Supplementary Information
The online version contains supplementary material available at 10.1186/s12864-022-08375-1.
Keywords: PacBio HiFi, Circular consensus sequencing, Adapter, Sequence data filtering
Background
The third generation of sequencing technology has ushered in a genome sequencing and assembly revolution in which genomes are being sequenced and assembled at an increasingly rapid rate. One current sequencing strategy is HiFi sequencing derived from high consensus accuracy circular consensus sequencing (CCS) on a PacBio Sequel II instrument. PacBio CCS sequencing leverages PacBio’s continuous long read technology to create a consensus sequence by sequencing a read repeatedly to produce a read pool with higher consensus accuracy than traditional long read technology and lengths that far exceed Illumina reads [1]. This technology has been used to sequence and assemble the breadth of eukaryotes, and is the preferred method used by various sequencing initiatives such as the Earth BioGenome Project [2, 3], the Vertebrate Genome Project [4], the i5K Initiative [5], the Ag100Pest Initiative [6], among others to generate data supporting highly contiguous and highly accurate contig assemblies that meet the criteria for reference-quality assemblies [7, 8].

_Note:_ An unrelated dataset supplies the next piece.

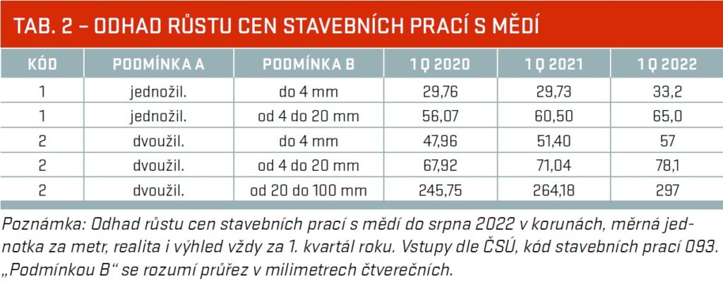 Cena mědi spolu s cenami stavební oceli jsou hlavními ukazateli stavu trhu průmyslových produktů, jeho oživování. Cenovou hladinu červeného kovu svou poptávkou ovlivňuje náš resort málo. Cenu mědi zvedá svou poptávkou automobilový průmysl, orientující se na elektromobily. Stavebních prací se nicméně hladina ceny mědi dotkla. V odvětví se barevný kov užívá na klempířské práce při restauracích památkových objektů, na střešní konstrukce, okapy, na dálková vedení různých elektrozařízení, rozvody (viz tab. 2).

Adapter filtering and read trimming are common aspects of pipelines analyzing Illumina short read data, with many existing tools [9, 10], and studies that characterize the impact of potential adapter contamination on assembly [11, 12]. Conversely, adapter filtering prior to assembly is not a common component of HiFi data analysis pipelines, with most HiFi compatible de novo genome assembly software tools suggesting the use of the output of PacBio CCS analysis as the input to the assembly software. However, in a survey of 55 publicly available SRAs of PacBio HiFi sequences, “PacBio Blunt Adapter” (UniVec database build 10.0, accession NGB00972.1) was found consistently in 53 out of 55 CCS datasets. A subset of these data were assembled using the three most common HiFi assembly programs (HiCanu [13], HiFiASM [14], and PB-IPA [15]), and integration of adapter sequence in the genomic contigs was detected in some of the final assemblies generated with each of the three assembly programs. To address adapter contamination, we present the software HiFiAdapterFilt [16], a simple and memory efficient adapter filtering approach developed to pre-process HiFi reads prior to assembly. We demonstrate this filtering and assembly using three of the 55 public SRA datasets (three insect species Anopheles gambiae, Drosophila ananassae, and Vespa mandarinia). Following processing through this pipeline, the resulting assemblies were free of adapter contamination, with no impact on the contiguity of the assembly, and in some cases correction of mis-joins caused by presence of the adapter in the input read dataset (Table 1). Based on these results, an adapter sanitation step for HiFi reads prior to assembly is highly recommended, and the consequences of the presence of adapter contamination in the pre-assembly read pool are discussed.
Table 1.
Methods and implementation
Of the publicly available data on NCBI Sequence Read Archive (SRA), all available PacBio Sequel datasets of WGS HiFi reads, as of April 2nd 2021, were selected for adapter contamination interrogation. All 55 raw fastq files were downloaded using SRA Toolkit v2.10.9 [17] and filtered using HiFiAdapterFilt v2.0.0 [16].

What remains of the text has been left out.